The task: In the records below, find the line that contains "Eyelet-look organza polka" and the line that contains "exteriéru i exteriéru.". Set down exactly those lines and every line between them, and nothing more.

Provided records:
---

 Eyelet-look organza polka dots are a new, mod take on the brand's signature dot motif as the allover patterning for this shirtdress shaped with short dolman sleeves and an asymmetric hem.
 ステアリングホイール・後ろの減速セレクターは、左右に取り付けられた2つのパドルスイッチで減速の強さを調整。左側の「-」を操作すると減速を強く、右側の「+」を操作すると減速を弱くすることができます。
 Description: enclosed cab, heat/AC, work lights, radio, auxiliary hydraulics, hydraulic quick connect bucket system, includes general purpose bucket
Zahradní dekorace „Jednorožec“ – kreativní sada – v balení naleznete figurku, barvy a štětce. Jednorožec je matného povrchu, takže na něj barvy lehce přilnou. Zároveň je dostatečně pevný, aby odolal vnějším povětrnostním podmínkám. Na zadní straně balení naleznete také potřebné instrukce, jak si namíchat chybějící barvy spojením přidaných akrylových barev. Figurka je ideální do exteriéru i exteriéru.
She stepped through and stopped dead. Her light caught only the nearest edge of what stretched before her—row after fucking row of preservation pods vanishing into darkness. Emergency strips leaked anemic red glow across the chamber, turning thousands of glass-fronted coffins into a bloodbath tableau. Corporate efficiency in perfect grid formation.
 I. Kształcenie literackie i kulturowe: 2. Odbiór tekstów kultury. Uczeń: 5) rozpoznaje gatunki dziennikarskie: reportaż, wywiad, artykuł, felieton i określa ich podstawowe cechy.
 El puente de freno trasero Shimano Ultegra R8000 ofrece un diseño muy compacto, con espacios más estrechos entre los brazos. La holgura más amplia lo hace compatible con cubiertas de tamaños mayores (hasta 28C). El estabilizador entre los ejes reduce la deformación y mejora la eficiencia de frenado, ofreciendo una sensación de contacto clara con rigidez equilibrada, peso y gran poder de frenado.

---

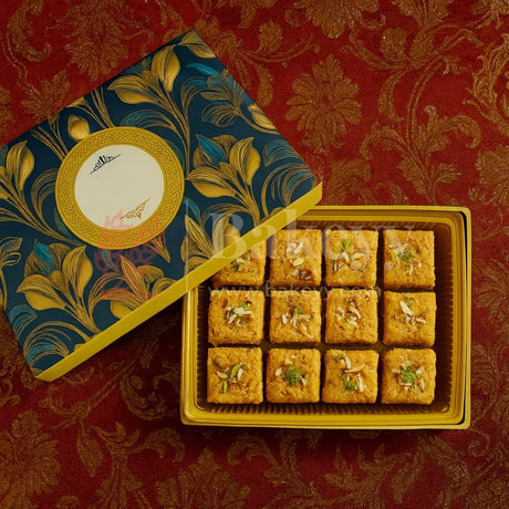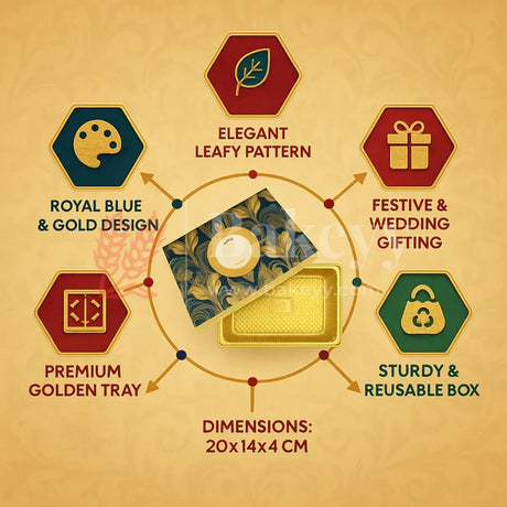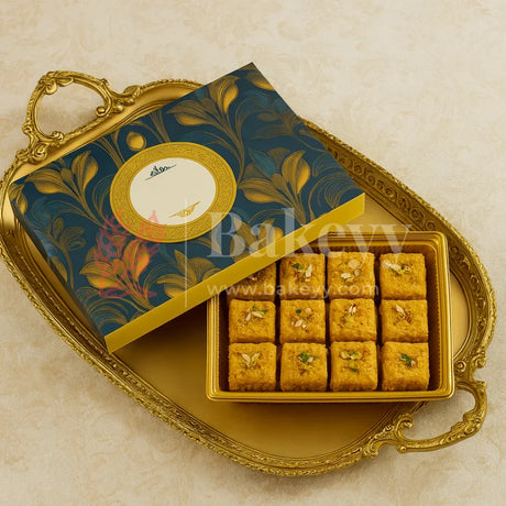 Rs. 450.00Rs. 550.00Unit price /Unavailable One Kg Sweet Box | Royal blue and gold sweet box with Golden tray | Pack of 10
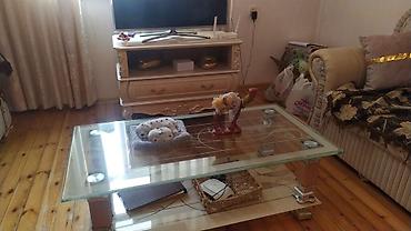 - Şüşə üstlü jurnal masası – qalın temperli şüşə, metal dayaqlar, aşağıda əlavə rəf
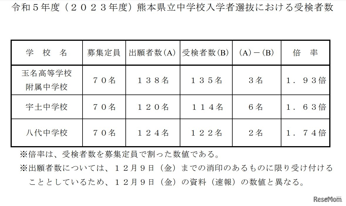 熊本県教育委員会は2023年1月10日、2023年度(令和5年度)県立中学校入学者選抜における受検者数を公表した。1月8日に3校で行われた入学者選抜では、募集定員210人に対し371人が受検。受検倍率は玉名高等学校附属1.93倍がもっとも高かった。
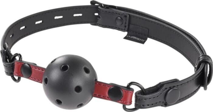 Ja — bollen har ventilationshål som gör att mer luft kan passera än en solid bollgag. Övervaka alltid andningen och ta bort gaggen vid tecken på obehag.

---

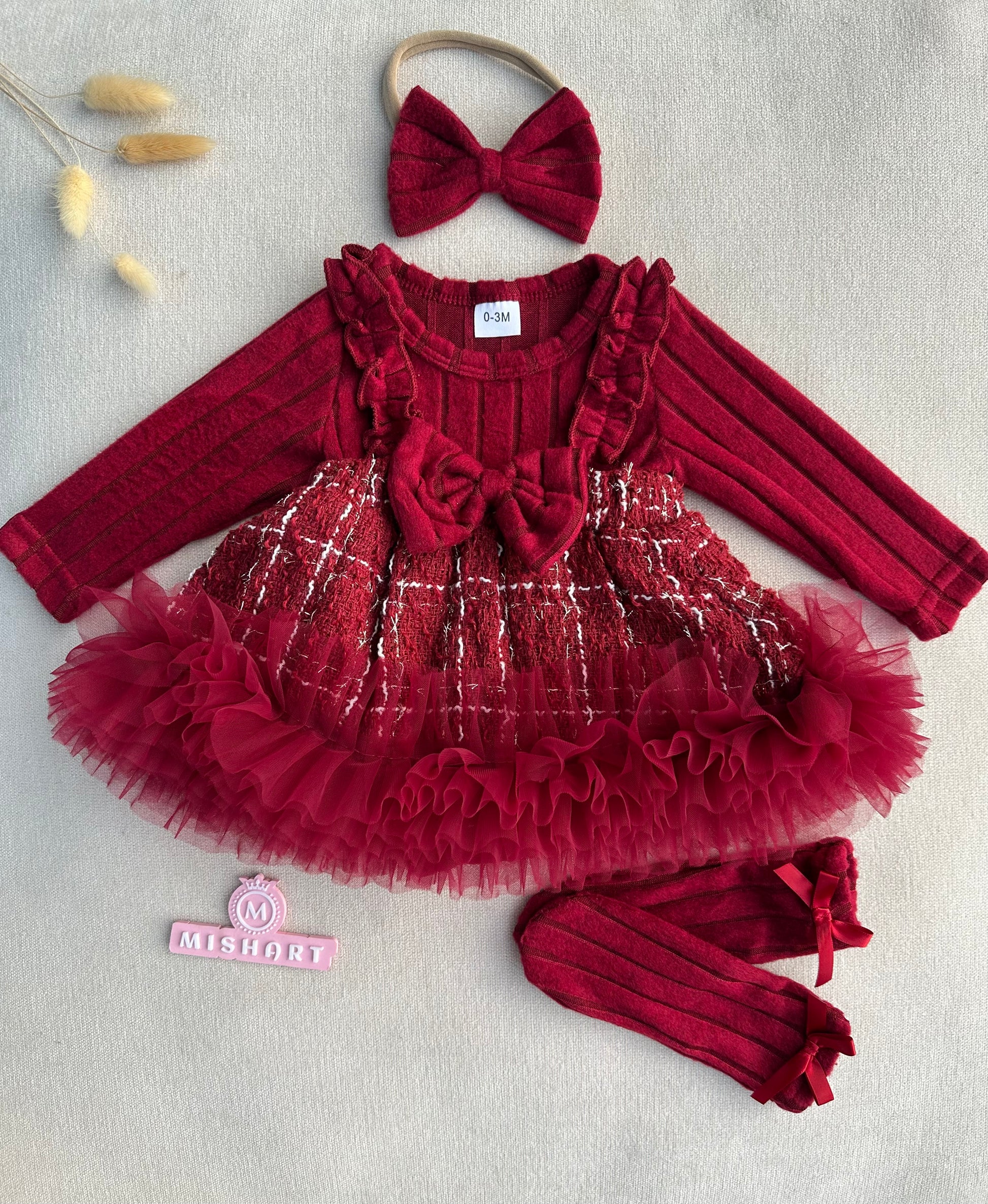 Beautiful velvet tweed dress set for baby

---

Exercise answer:
 Eyelet-look organza polka dots are a new, mod take on the brand's signature dot motif as the allover patterning for this shirtdress shaped with short dolman sleeves and an asymmetric hem.
 ステアリングホイール・後ろの減速セレクターは、左右に取り付けられた2つのパドルスイッチで減速の強さを調整。左側の「-」を操作すると減速を強く、右側の「+」を操作すると減速を弱くすることができます。
 Description: enclosed cab, heat/AC, work lights, radio, auxiliary hydraulics, hydraulic quick connect bucket system, includes general purpose bucket
Zahradní dekorace „Jednorožec“ – kreativní sada – v balení naleznete figurku, barvy a štětce. Jednorožec je matného povrchu, takže na něj barvy lehce přilnou. Zároveň je dostatečně pevný, aby odolal vnějším povětrnostním podmínkám. Na zadní straně balení naleznete také potřebné instrukce, jak si namíchat chybějící barvy spojením přidaných akrylových barev. Figurka je ideální do exteriéru i exteriéru.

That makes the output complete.